La vida no se trata de preguntarse al final del día qué ha sido real y que no, se trata más bien de preguntarse que ha sido dulce y qué amargo. Ocurre con frecuencia que tratamos el dolor como la cosa más verdadera; conocemos el placer como algo menos placentero de lo que es, y al dolor más doloroso de lo que parece. A favor del placer, entonces diré que el color amarillo y hacer el amor contigo son sin duda de las sensaciones más dulces que me han sucedido en esta tierra.
Mientras recolectaba estancias en los pequeños balcones donde mi niño interior sobrevivía, –archiva- dores, fotografías, textos, mi propia memoria…–, en lo que más pienso es en la anemia del proyecto, una anemia que parece evolucionar en proporción directa a mi entusiasmo.

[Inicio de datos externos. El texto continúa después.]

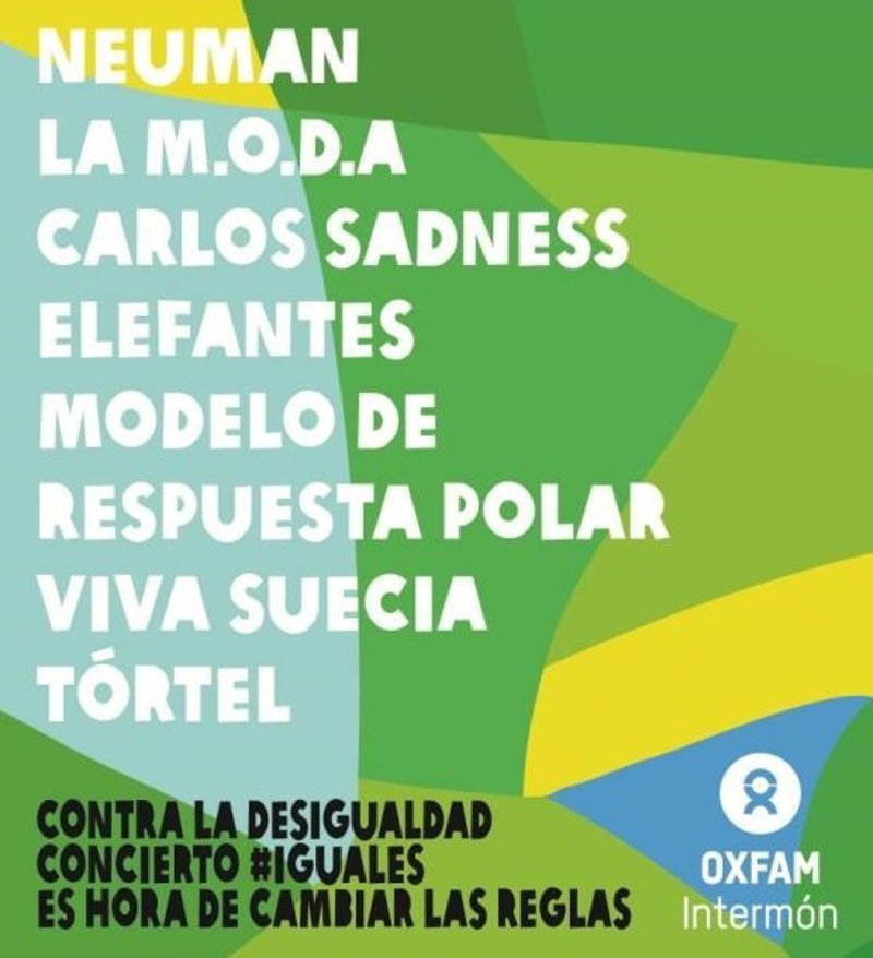 Neuman, La M.O.D.A, Carlos Sadness, Elefantes, Viva Suecia, Modelo de Respuesta Polar y Tórtel pondrán voz al concierto #IGUALES, organizado por Oxfam Intermón el próximo 3 de junio en el Teatro Barceló de Madrid.

He llegado a pensar que he recolectado lo suficiente como para hablar de un libro de balcones. El espectáculo sucede y se acaba; escenografía desmontada. Mi vida puede cambiar, y cambia.

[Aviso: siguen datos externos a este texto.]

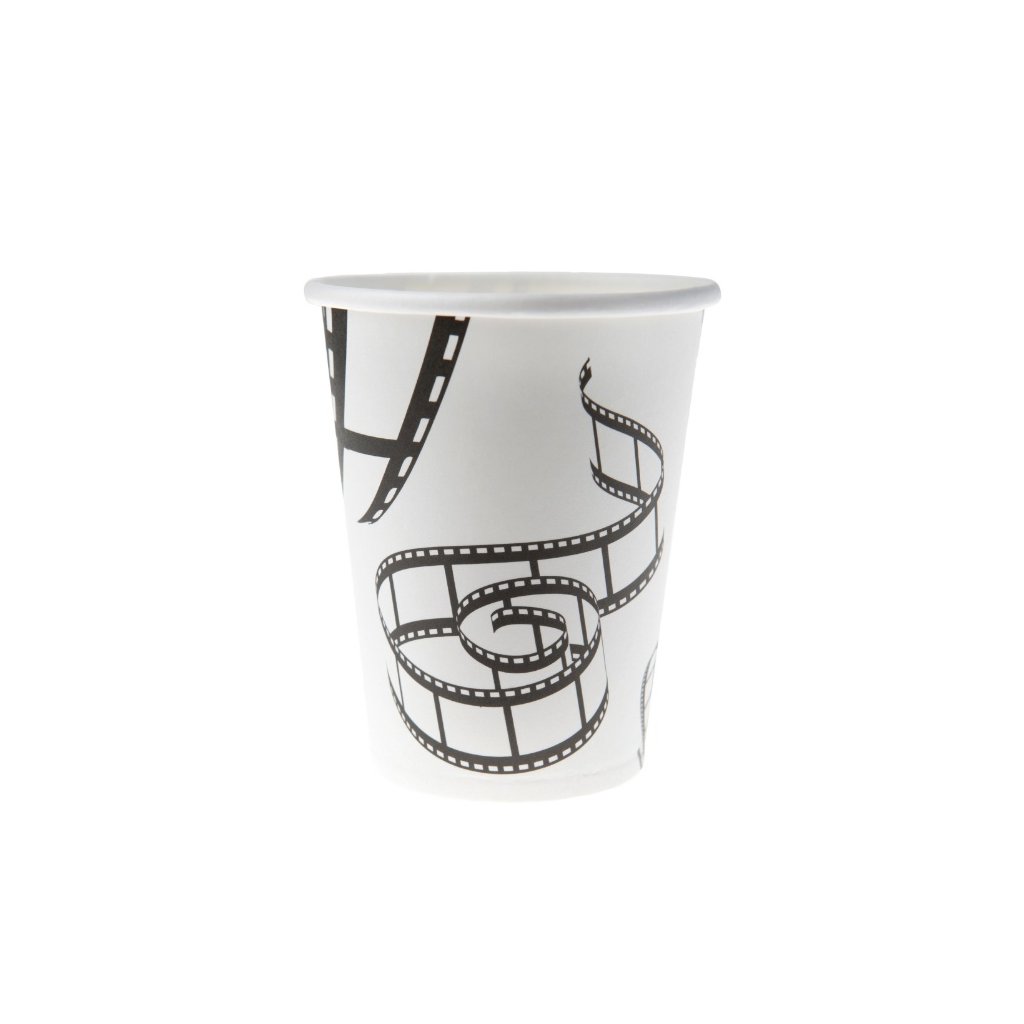 Vytvořte si doma atmosféru jako v kině! Papírové kelímky „Movie Night“ s černobílým filmovým motivem skvěle doplní každou filmovou nebo tématickou hollywoodskou párty. Ať už pořádáte promítací večer s přáteli, narozeninovou oslavu pro milovníka filmu nebo slavíte premiéru, tyto kelímky dotvoří dojem jako z červeného koberce. Kelímky jsou 100% papírové, bez plastů – šetrné k přírodě a praktické zároveň. Díky objemu 270 ml jsou ideální na limonádu, popcorn, drinky i smoothie. V kombinaci s dalšími produkty v hollywoodské či retro filmové tématice vytvoříte efektní a originální výzdobu. Technické parametry:Objem: 270 ml (27 cl)Rozměry: průměr 7,8 cm, výška 9,7 cmMateriál: 100% papírBarva: bílá s černým filmovým motivemBalení: 10 ks| Kategorie: | Párty, oslavy a svatby |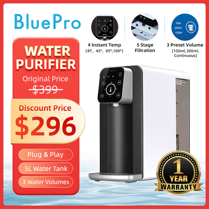 BluePro Water Dispenser 3 Second Instant Heating with RO Reverse Osmosis Filter Plug & Play 5L Water Tank-B04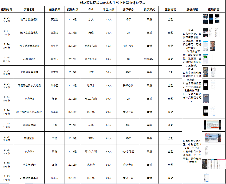 每一个网络课堂,在QQ、钉钉、腾讯会议3个平台全天各时段进行网络查课,共计查课13节,顺利完成教学检查任务。及时联络学生,保证全勤出席,密切关注学生在线学习情况及上课质量。课后与学生交流了在线上课的体验,很多同学对于这种新颖、高效、有针对性学习方式的点赞,比如:“条件便捷,不需要占座”“学习模式和生活模式转换效率高”“可以暂停记笔记,互动效果很好”“最喜欢的就是老师们录制的视频了,可以反复观看,哪里没听清能有处可寻,交给我们的资料更多了。我觉得更加便于交流,每位同学的发言机会平等,与老师沟通的战线拉长了”。当然,也存在一些问题:“打字没有线下表述问题那么清楚”“会有点浪费时间,QQ电话可能也会有bug加不进去”“有的科目一节课得用不止一个平台,操作起来比较麻烦”。学生工作办公室对学生网络学习的感受和建议进行了汇总,并及时向教学工作办公室反馈。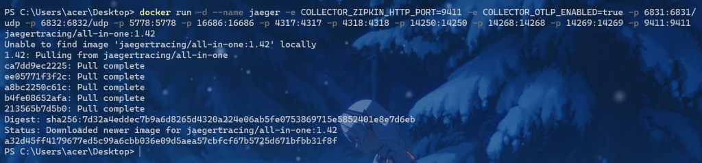 docker run -d --name jaeger -e COLLECTOR_ZIPKIN_HTTP_PORT=9411 -e COLLECTOR_OTLP_ENABLED=true -p 6831:6831/udp -p 6832:6832/udp -p 5778:5778 -p 16686:16686 -p 4317:4317 -p 4318:4318 -p 14250:14250 -p 14268:14268 -p 14269:14269 -p 9411:9411 jaegertracing/all-in-one:1.42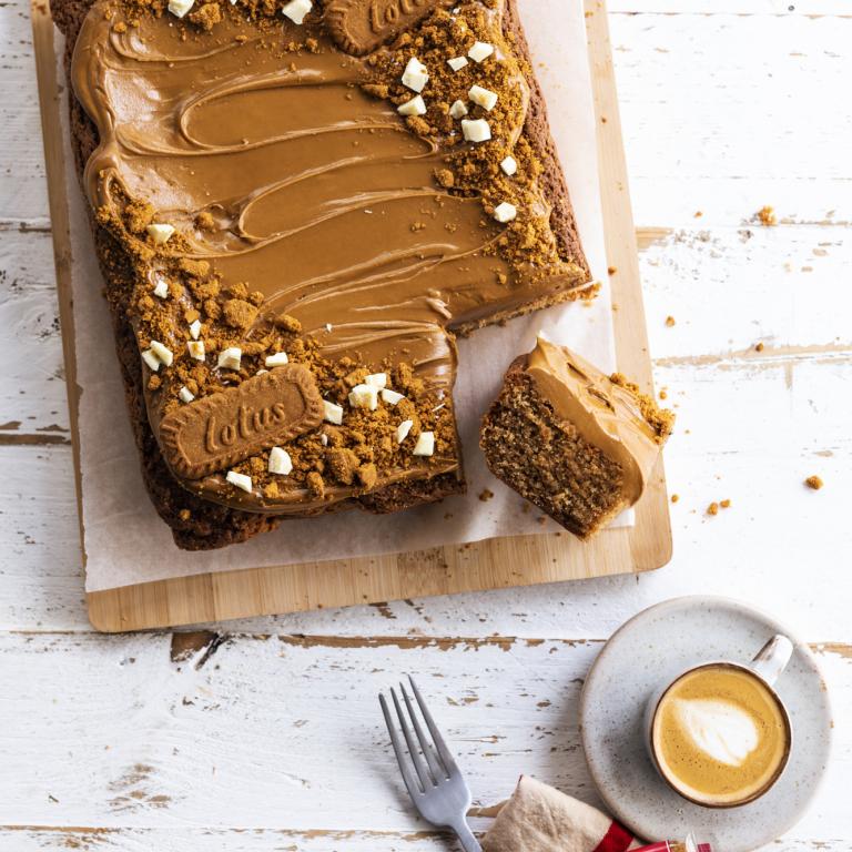 Couper le gâteau en parts carrées et garnir chaque part d’un biscuit Biscoff®.

Algún día dejaré de luchar contra el mundo. Ese día empezaré a amar y dejaré de tener esperanzas. Quizás con el tiempo dejaré de echarte de menos y aprenderé a quererte a medias, papá. Que el futuro no se pueda saber, es para muchos suturarse al presente, en cambio, para otros se trata de entenderse mejor como un chiste o error. Para mí, que me he llegado a denominar como un juguete roto, entiendo el futuro como margen de posibilidades de que las cosas puedan suceder. Uno puede deambular por el paisaje buscando pistas, pero a veces ni la montaña más alta deja al descubierto las conclusiones. En cualquier caso, ya no cuento los días.
Quiero que sepas, que si algún día lees esto, que hubo un tiempo en el que hubiera preferido tenerte a mi lado antes que cualquiera de estas palabras; hubiera preferido tenerte a mi lado antes que todo el amarillo del mundo. Que cuando estabas vivo, intentaste ser alumno, no del anhelo, sino de la luz.
Pero también es cierto que las explicaciones acaban en algún lugar. Este podría ser uno, por ejemplo.